In this code we have two records Foo (1) and Bar (2), containing some numbers. We then have a method doStuff (3) that takes instances of Foo and Bar and does some arithmetic (4). This code looks confusing, and that's on purpose. In a large enough codebase, following things might get difficult.

Now we can invoke this code as follows:

doStuff(new Foo(1, 2), new Bar(3))

And the result will be:

0.0

This is because we're doing integer division with 1 and 3. Nothing particularly interesting here. But now imagine that we are refactoring our code and deciding for some reason that the qux field should actually be a double:

record Bar (double qux) {}

Can you guess what the very same call to doStuff will return now?

0.6666666666666666

As we changed the type of qux to double the meaning of the / operator changed from integer division to floating point division. And so the result is now completely different.

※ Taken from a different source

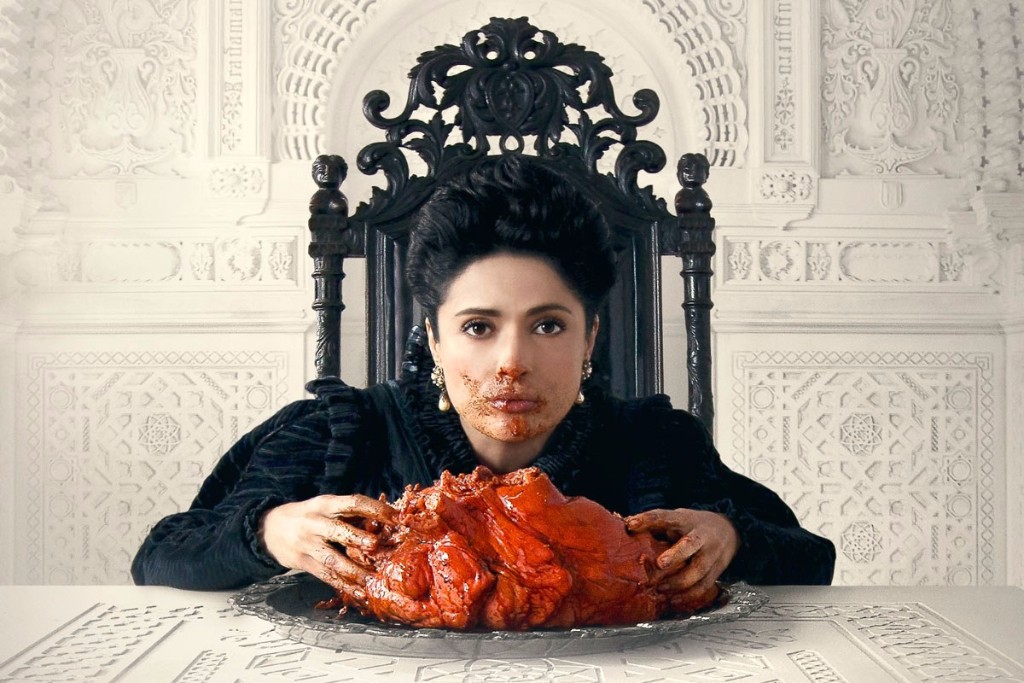 The same keen eye for a stunning image that’s liable to send you reaching for the holiday brochures is also likely to leave many of the key scenes seared into your mind, like memorised illustrations from a favourite childhood storybook. To speak too much of their macabre majesty is to ruin the joy of discovery, but the stark poster image of Hayek, regally clad in black against an ornate white background and greedily munching upon a basketball-sized scarlet heart is an especially vivid example.

Whether this is a bug in our application or not depends on context. But the point here is that we weren't warned about it in any way. The meaning of / changed silently without any kind of compile-time warning.

And given that the definition of doStuff can be far away from the definition of Bar, this is also an example of spooky action at a distance. Nobody likes spooky action at a distance...

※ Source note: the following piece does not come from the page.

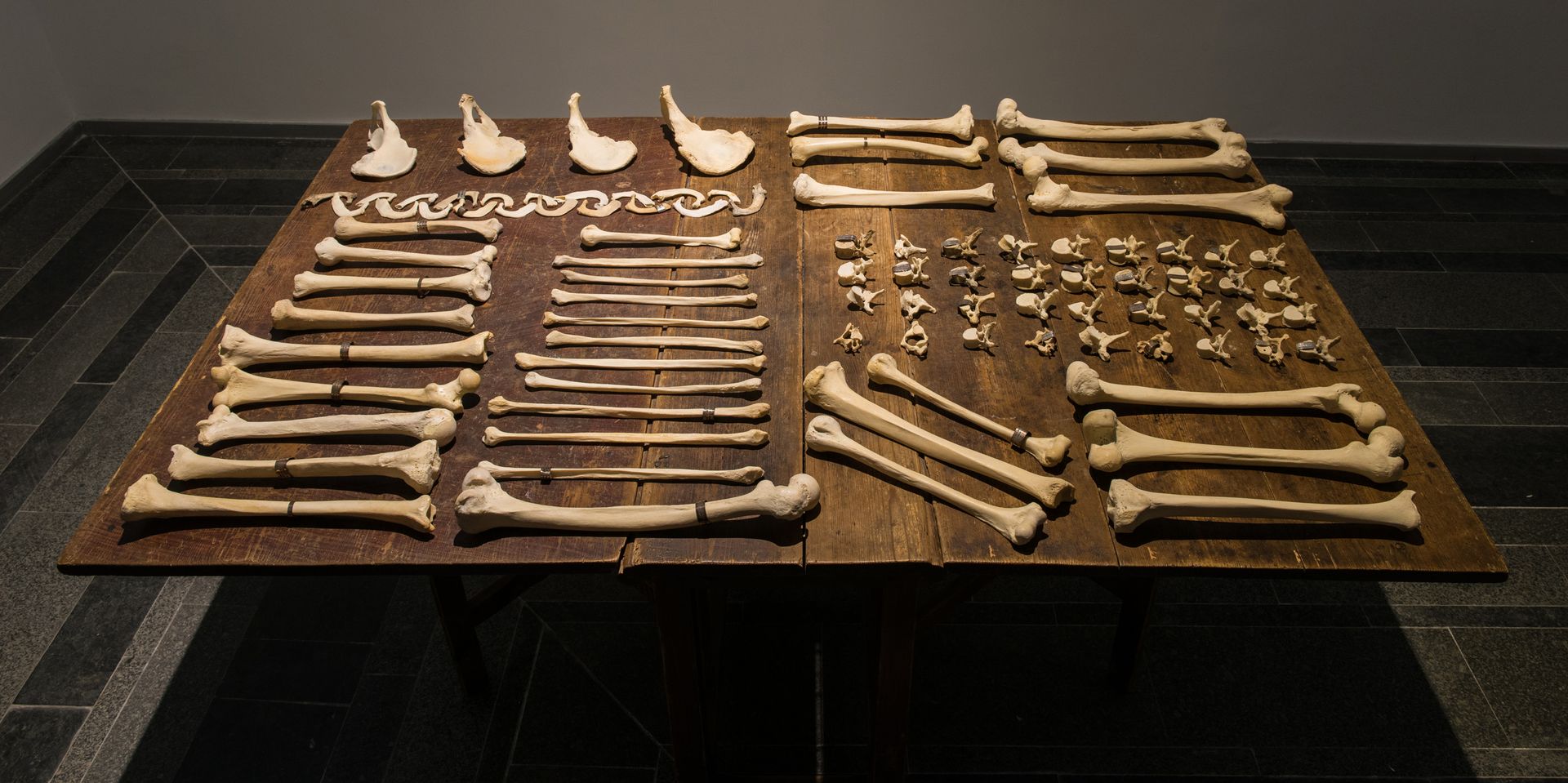 Lustmord Table, (1994) by Jenny Holzer, shows a group of human bones are lying on a wooden table. Some of them carry a silver band engraved with fragments of the text Lustmord. The text itself describes a rape-killing from three different points of view: the victim, the perpetrator and the observer. The work and text were conceived in response to the atrocities during the conflict in the ex-Yugoslavia. Combined with stone benches engraved with texts fragments from Under a Rock (1986), the act of killing itself and the use of violence as a political tool is central to the work. The bronze plaques with texts from the Living Series (1981) and Survival series (1984) ponder on the individual state of mind when confronted with acts of extreme violence. The plaques are combined with the Lustmord Table and Vanwege een Tere Huid III and IV (2016) byBerlinde De Bruyckere.

It's reasonable for things to change when changing types, but it's not reasonable for it to happen silently and only be visible at run time.

The culprit here is the overloaded meaning of /.

Let's move on to the next example.

Literal Overloading

This was hinted at in the previous section. Note this call:

doStuff(new Foo(1, 2), new Bar(3))

What are the types of 1, 2, and 3?

The answer is: it depends. Depends on the expected types of the arguments to the Foo and Bar constructors.

As we changed the type of Bar.qux the meaning of 3 changed as well. Yet again, silently. If we had some compile-time warning about that change, we might've caught the change in the doStuff call. But alas, that's not the case. As the meaning of integer numeric literals is overloaded, we just silently changed behavior at run time.

I won't dwell on this point, as from my experience code usually doesn't rely too much on literals beyond tests and examples. And in any case, in most languages literal overloading is usually fairly limited⁴.

Method Overloading

A more common example of overloading, at least in the Java world, is the classic method overloading. That's when one class contains multiple methods with the same name but different type signatures. To wit, Arrays.sort:

public static void sort(int[] a)
public static void sort(long[] a)
public static void sort(char[] a)
public static void sort(byte[] a)
public static void sort(double[] a)
// ...

As you can see, there are many overloads of the sort method, accommodating different array types. All aptly named sort for convenience's sake.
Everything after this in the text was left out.